The Final End Approaches!

I have a rendezvous with Death
At some disputed barricade,
When Spring comes back with rustling shade
And apple-blossoms fill the air—
I have a rendezvous with Death
When Spring brings back blue days and fair.

It may be he shall take my hand
And lead me into his dark land
And close my eyes and quench my breath—
It may be I shall pass him still.
I have a rendezvous with Death
On some scarred slope of battered hill,
When Spring comes round again this year
And the first meadow-flowers appear.

God knows 'twere better to be deep
Pillowed in silk and scented down,
Where Love throbs out in blissful sleep,
Pulse nigh to pulse, and breath to breath,
Where hushed awakenings are dear ...
But I've a rendezvous with Death
At midnight in some flaming town,
When Spring trips north again this year,
And I to my pledged word am true,
I shall not fail that rendezvous.

I Have a Rendezvous with Death

 
If I could take something with me I think I’d take memory.
Even knowing that in the end, past the door, we all go with nothing but what we’ve been.

Not the grand, highlight-reel stuff.
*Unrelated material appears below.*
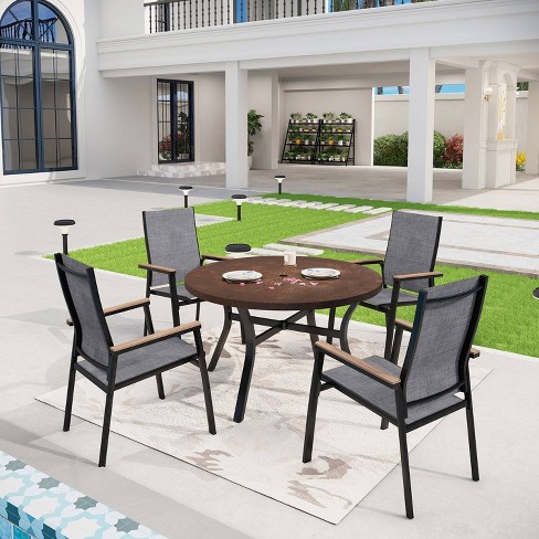 Patio set with clearance umbrella target, 5pc Outdoor Dining Set With Metal Slat Round Table With Umbrella clearance

Not the awards or the headlines. I’d take the small moments:

The way a room sounds when everyone you love is in it.
The weight of a good tool in your hand that’s worn smooth from years of use.
A dog settling down because he knows you’re steady.
A note someone left that meant more than it looked like it did.

If memory isn’t allowed, maybe I’d take the ability to recognize meaning, the sense that even simple things matter. Without that, nothing else I might carry would have much worth.
 
Given that the average lifespan is 75.8 Stateside and 79.1 on this side of the pond, many of us are already living on borrowed time.
The Grim Reaper has been following you for years Mitch, waiting for you to give up. He's filed a restraining order against you because your constant whinge about him is killing his vibe.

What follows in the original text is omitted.